#### [EXERCISE]
Beneath this task are records; print exactly the stretch of them from the line with "このあと吹き抜け側の開口部に" through the line with "Step into effortless", both ends included.

*** DATA FOR THIS EXERCISE

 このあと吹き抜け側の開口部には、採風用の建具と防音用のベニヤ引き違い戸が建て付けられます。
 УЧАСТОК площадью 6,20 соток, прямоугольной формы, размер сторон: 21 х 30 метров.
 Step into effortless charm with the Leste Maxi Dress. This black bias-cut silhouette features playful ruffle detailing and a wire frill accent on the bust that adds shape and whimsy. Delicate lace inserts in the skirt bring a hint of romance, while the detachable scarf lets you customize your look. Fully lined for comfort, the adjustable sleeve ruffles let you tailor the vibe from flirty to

******
*** DATA FOR THIS EXERCISE

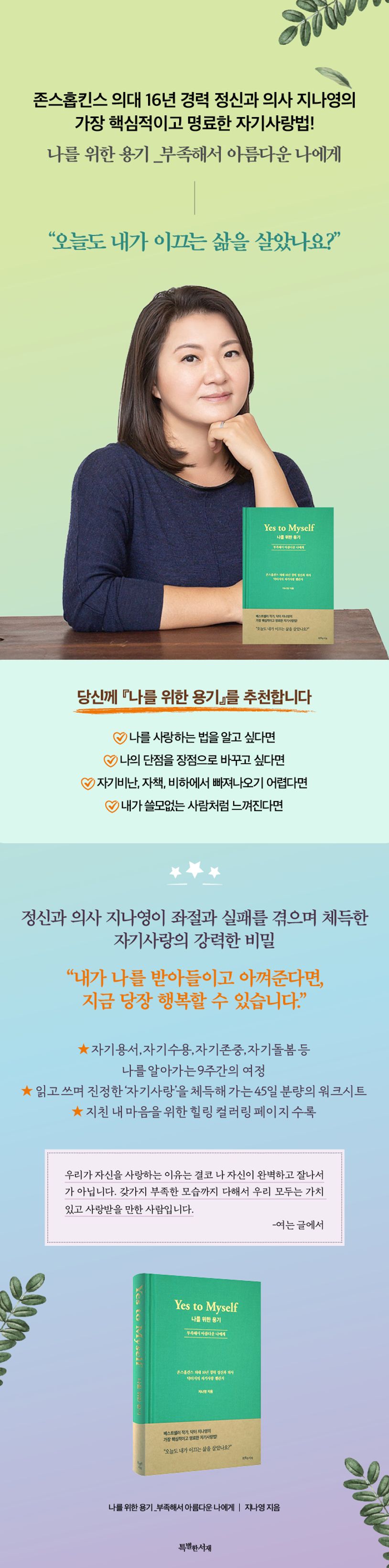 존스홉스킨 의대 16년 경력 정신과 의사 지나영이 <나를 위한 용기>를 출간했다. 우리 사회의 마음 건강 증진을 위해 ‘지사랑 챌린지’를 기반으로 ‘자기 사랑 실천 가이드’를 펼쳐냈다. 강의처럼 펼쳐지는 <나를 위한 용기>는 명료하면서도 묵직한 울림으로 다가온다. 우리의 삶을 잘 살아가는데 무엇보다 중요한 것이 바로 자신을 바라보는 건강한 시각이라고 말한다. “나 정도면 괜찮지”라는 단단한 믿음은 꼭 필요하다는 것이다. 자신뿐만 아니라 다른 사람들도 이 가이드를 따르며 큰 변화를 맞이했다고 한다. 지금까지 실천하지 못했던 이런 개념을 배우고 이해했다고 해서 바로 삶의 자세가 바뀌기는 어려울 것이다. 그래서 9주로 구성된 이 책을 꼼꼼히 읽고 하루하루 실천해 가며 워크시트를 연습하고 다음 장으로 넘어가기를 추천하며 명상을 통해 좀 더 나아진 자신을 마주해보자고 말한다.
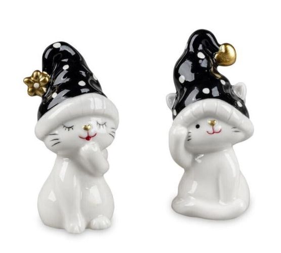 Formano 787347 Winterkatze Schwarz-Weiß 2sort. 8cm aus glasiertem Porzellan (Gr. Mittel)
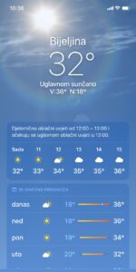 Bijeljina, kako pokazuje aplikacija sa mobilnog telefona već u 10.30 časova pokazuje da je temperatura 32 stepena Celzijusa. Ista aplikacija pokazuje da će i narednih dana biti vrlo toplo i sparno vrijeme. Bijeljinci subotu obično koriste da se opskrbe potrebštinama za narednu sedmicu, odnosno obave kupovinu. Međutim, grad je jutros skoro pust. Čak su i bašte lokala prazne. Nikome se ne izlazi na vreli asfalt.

******

#### [COMPLETED EXERCISE]
 このあと吹き抜け側の開口部には、採風用の建具と防音用のベニヤ引き違い戸が建て付けられます。
 УЧАСТОК площадью 6,20 соток, прямоугольной формы, размер сторон: 21 х 30 метров.
 Step into effortless charm with the Leste Maxi Dress. This black bias-cut silhouette features playful ruffle detailing and a wire frill accent on the bust that adds shape and whimsy. Delicate lace inserts in the skirt bring a hint of romance, while the detachable scarf lets you customize your look. Fully lined for comfort, the adjustable sleeve ruffles let you tailor the vibe from flirty to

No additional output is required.